____ Records provided

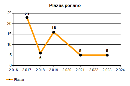 En los siguientes gráficos se puede ver la evolución del número de convocatorias y plazas convocadas para la profesión de Ciencias Sociales y del Trabajo de los últimos años pudiéndose observar una caída del 100,00% desde el año 2017 hasta el 2025 en número de convocatorias y una caída del 100,00% en número de plazas convocadas.
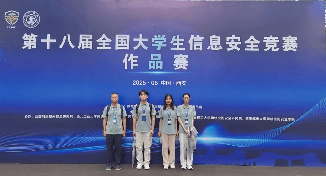 2025年8月16日,第十八届全国大学生信息安全竞赛作品赛决赛在陕西西安落幕。大赢家足球比分 的“Achieve Science”团队(李秀玲、张咏心、刘硕、陈中天)在袁科老师的指导下,从近千支参赛队伍中脱颖而出,获得了全国三等奖的优异成绩。
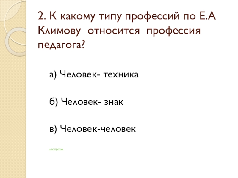 Слайд 52. К какому типу профессий по Е.А Климову относится профессия педагога?
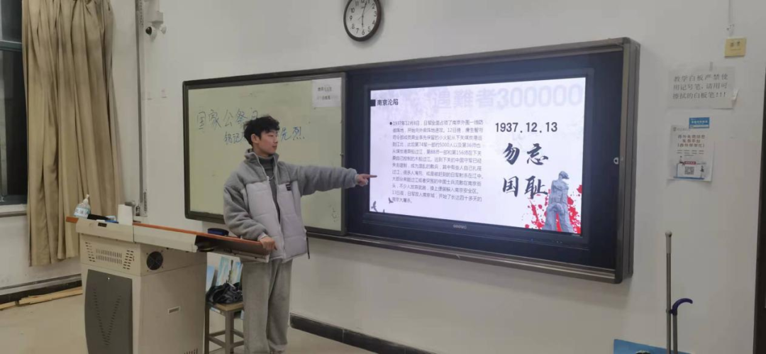 翟蕾蕾老师和同学们积极交流:“南京大屠杀的伤痛我们永远不会忘记,中国被欺辱的时代已经过去,我们更应该以史为鉴,珍惜当下幸福生活,不断前行。青年是祖国的希望,是我们实现伟大复兴的中坚力量,希望大家能够热爱祖国,为中华民族之崛起而不懈奋斗。”辅导员李婵希望同学们自主学习这段历史,以史为鉴,体会当下生活来之不易,当代大学生要热爱中国共产党、热爱我们的国家,热爱我们的母校,热爱我们的生活。用青年的担当、青年的力量,扛起中华民族伟大复兴的中国梦。
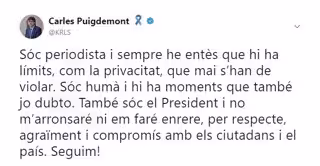"Soy periodista y siempre he entendido que hay límites, como la privacidad, que nunca se tienen que violar. Soy humano y hay momentos en que también yo dudo. También soy el presidente y no me encogeré ni me echaré atrás, por respeto, agradecimiento y compromiso con los ciudadanos y el país. ¡Seguimos!", ha dicho en un tuit recogido por Europa Press.
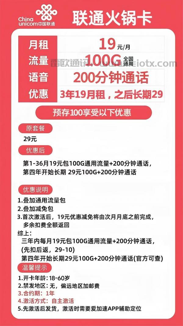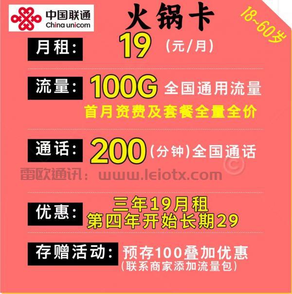 中国联通重磅推出联通火锅卡,月租仅19元,每月畅享100G全国通用流量+200分钟通话!前3年低价锁定,第4年起仅29元长期延续,预存100元即可激活优惠,性价比拉满,速来抢办!
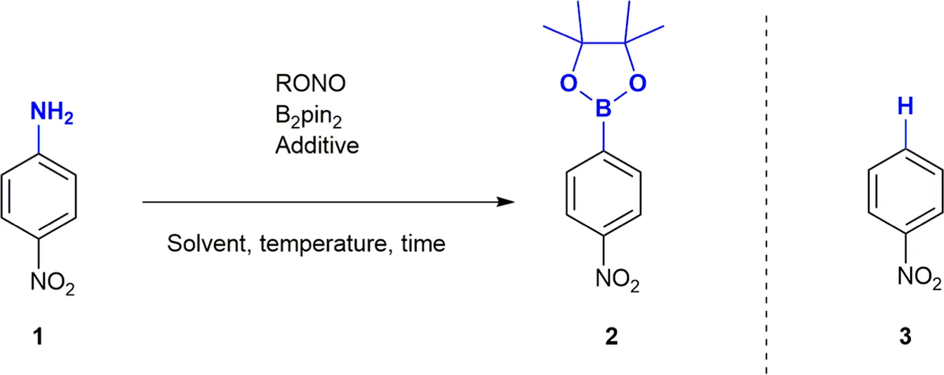 We began our investigation on the borono-deamination of anilines (Table 1) using 1.2 equivalents of bis(pinacolato)diboron (B2pin2), 1.5 equivalents of tert-butyl nitrite and 4-nitroaniline 1 as a model compound and determining yields of 4-nitrophenylboronic acid ester 2 by 1H NMR spectroscopy. Initial tests produced only 49.8% yield of the borylated compound in addition to 4-nitrobenzene 3 (proto-deaminated analogue) as the main products of the reaction. In general, benzene formation was observed as the major side reaction but tended to be lower in aprotic solvents of low polarity and in absence of Lewis acids. Unreacted diazonium salt was a major side product in CH2Cl2 and 2,2-dimethylpropanol (entries 1 and 7). In the solvent screen, MeCN was shown to be the best solvent for the reaction, particularly when changing the nitrous acid ester to amyl nitrite (AmylONO), which gave 65.5% yield (entry 5). MeCN is considered most green amongst the dipolar aprotic solvents (Byrne et al., 2016; Prat et al., 2016) and is easy and safe to handle under common HSE guidelines. As a byproduct of bulk acrylonitrile monomer production and a preferred (U)HPLC solvent, MeCN will remain available and in use for decades to come.

________

## [What you have to do]
Starting at the first line of the records above, set down each line exactly through the one that holds "Слайд 52. К". Omit pictures.

## [Response to the exercise]
 En los siguientes gráficos se puede ver la evolución del número de convocatorias y plazas convocadas para la profesión de Ciencias Sociales y del Trabajo de los últimos años pudiéndose observar una caída del 100,00% desde el año 2017 hasta el 2025 en número de convocatorias y una caída del 100,00% en número de plazas convocadas.
 2025年8月16日,第十八届全国大学生信息安全竞赛作品赛决赛在陕西西安落幕。大赢家足球比分 的“Achieve Science”团队(李秀玲、张咏心、刘硕、陈中天)在袁科老师的指导下,从近千支参赛队伍中脱颖而出,获得了全国三等奖的优异成绩。
 Слайд 52. К какому типу профессий по Е.А Климову относится профессия педагога?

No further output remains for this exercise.